The Effect of Reverse-Image Viewing on Laparoscopic Skills Acquisition
*Erica D Kane, *Alex Knee, *Gladys Fernandez, *Donald Kirton, Neal E Seymour
Baystate Medical Center, Springfield, MA
Objective:Laparoscopic skills degrade when telescope viewing axis deviates 90- to 180-degrees from the instrument working axis. Training under reverse viewing conditions is challenging but may impart skills relevant to general laparoscopy, even under forward viewing conditions. We tested whether training with a reverse viewing component more efficiently increases trainee laparoscopic skills than training under forward viewing conditions alone. Design:Single-blinded randomized control trial Setting:Laparoscopic virtual reality (VR) simulation lab Participants:PGY1 surgery residents Main Outcome Measures:Proficiency on all VR machine metrics as time, pathlength, errors (mean [95%CI]). Intervention:Residents were randomized to control (0-degree laparoscope view) and study (alternating 0-and 180-degree) on a VR simulator retract/dissection task (RD). After reaching proficiency (expert surgeon performance), residents performed a VR gallbladder excision task (GB) at maximum difficulty until proficiency was achieved. Results:11 Control and 10 Study participants completed all tasks.

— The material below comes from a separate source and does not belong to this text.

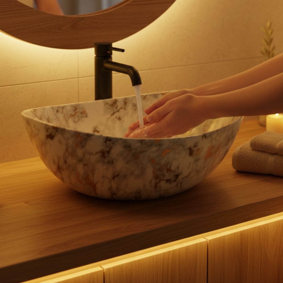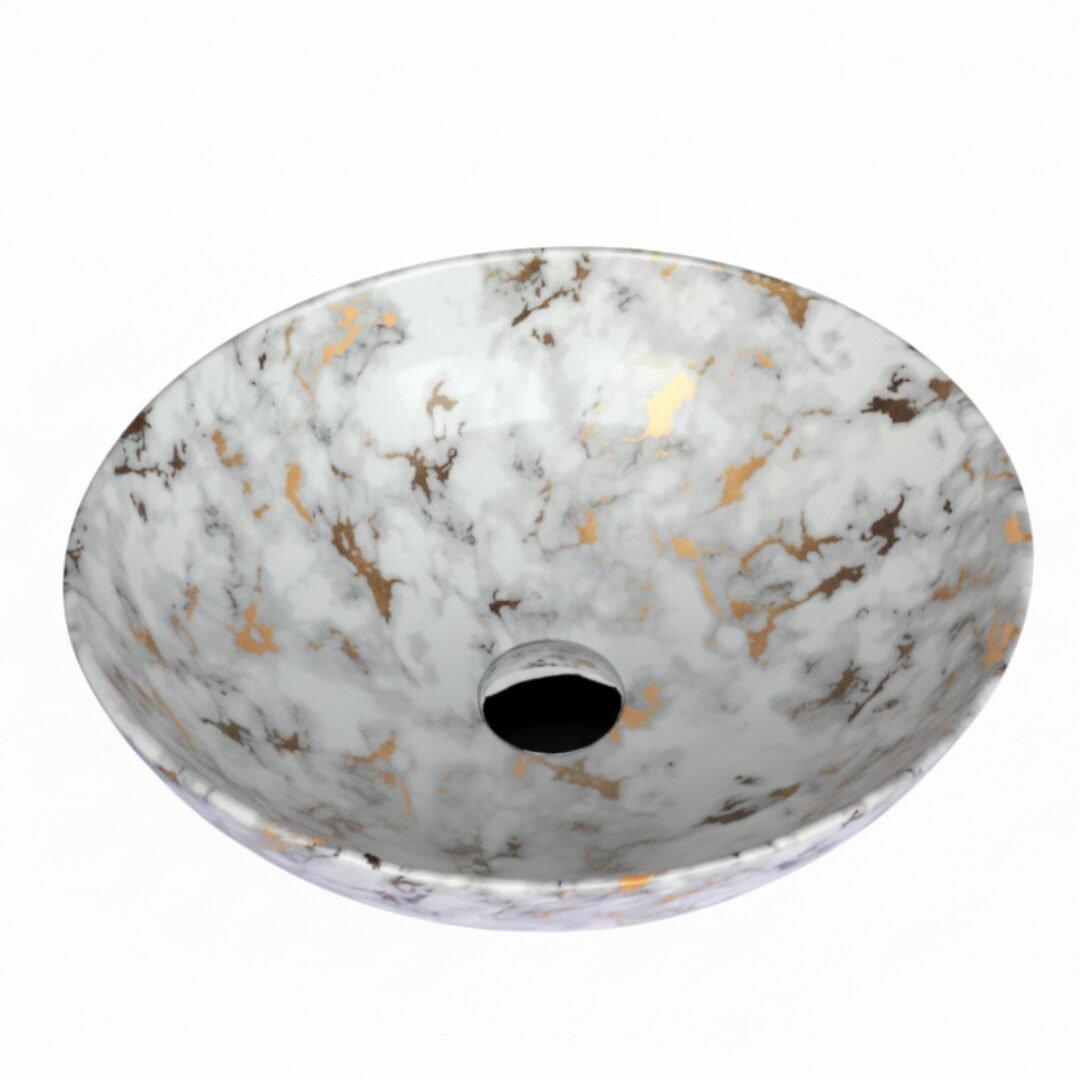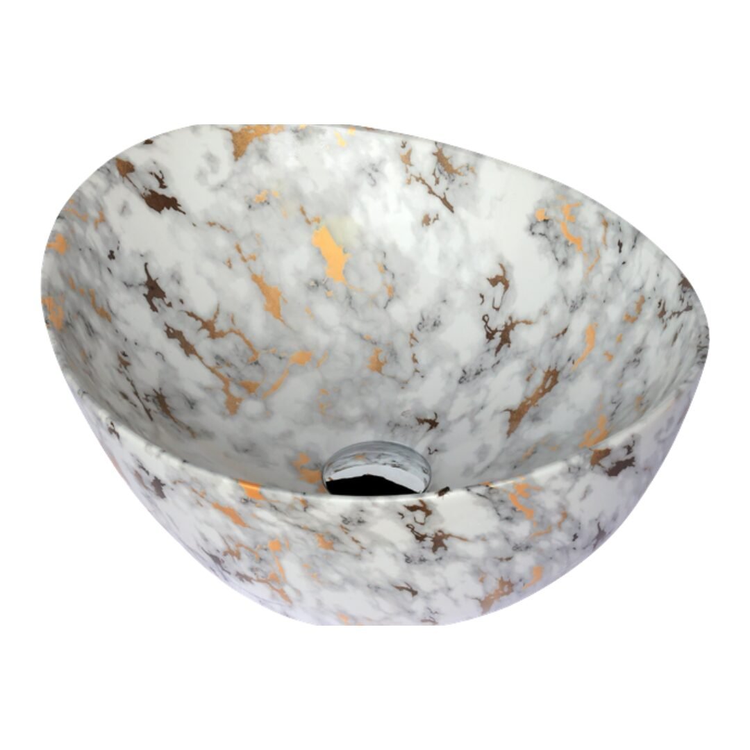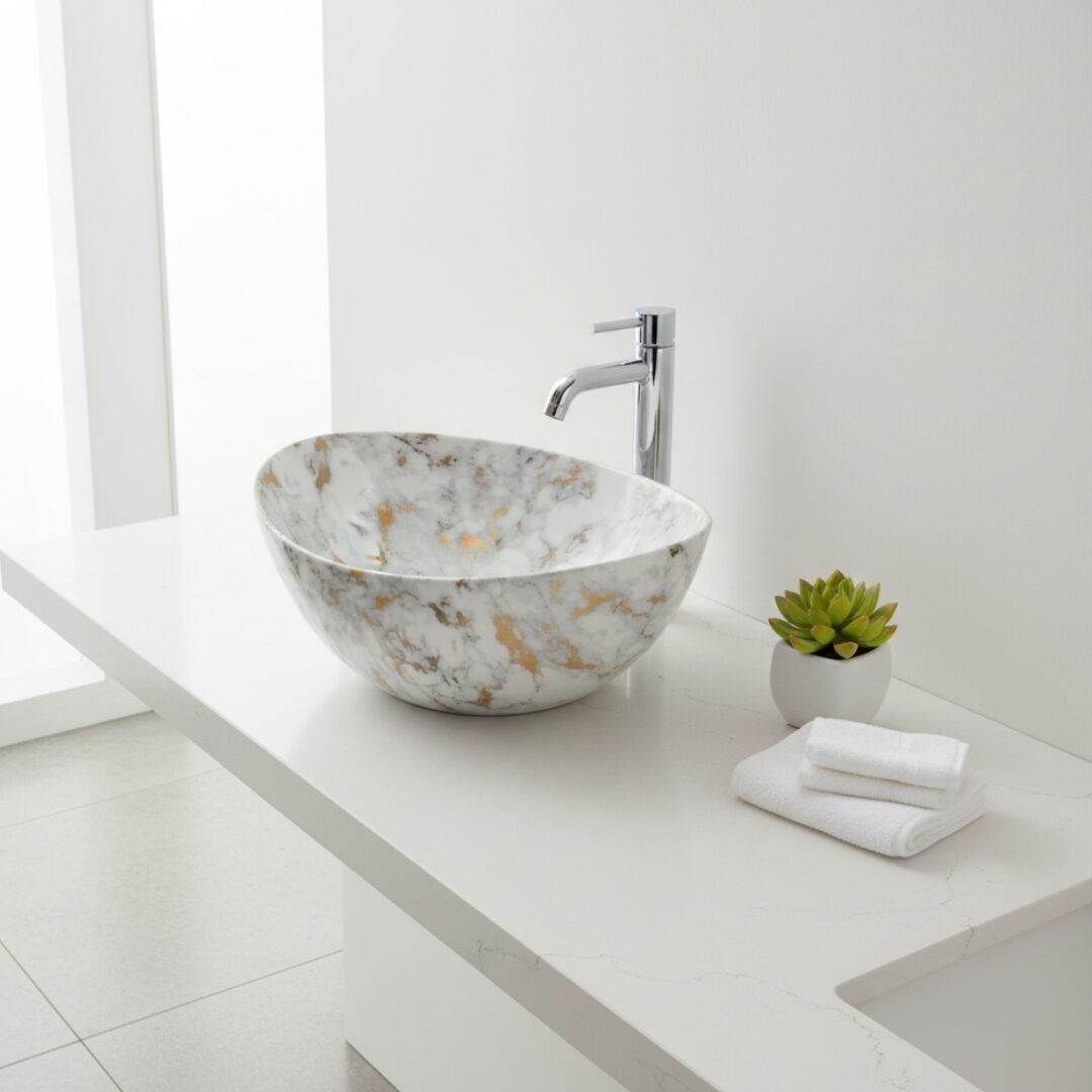 Elevate your space with this modern oval wash basin. Crafted from high-quality ceramic with a stunning amber-toned marble effect, it offers the beauty of stone with the practicality of ceramic. The unique veining creates a warm and sophisticated focal point for your bathroom.

At start of GB performance, study group task time (330 [290-369] vs 475 [439-511] seconds; p<0.0001) and pathlength (401 [327-475] vs 699 [632-766] cm; p<0.0001) were shorter, with fewer errors (20 [15-26] vs 32 [26-37]; p=0.005) than controls. This effect persisted for task time through iteration 4, but pathlength and error differences diminished. There was no difference in number of iterations to achieve proficiency for time or errors between groups. Study group achieved pathlength proficiency more rapidly than controls (4.8 [4.6-5.0] vs 9.8 [8.7-11.0]; p=0.03). Conclusions:Addition of reverse viewing to training improved performance on a simulated clinical task compared to training with forward viewing. This was most evident for task time. However, this effect diminished rapidly with iterative training and there was no difference in task iterations to reach proficiency. Dyad training may confer a durable effect on movement efficiency.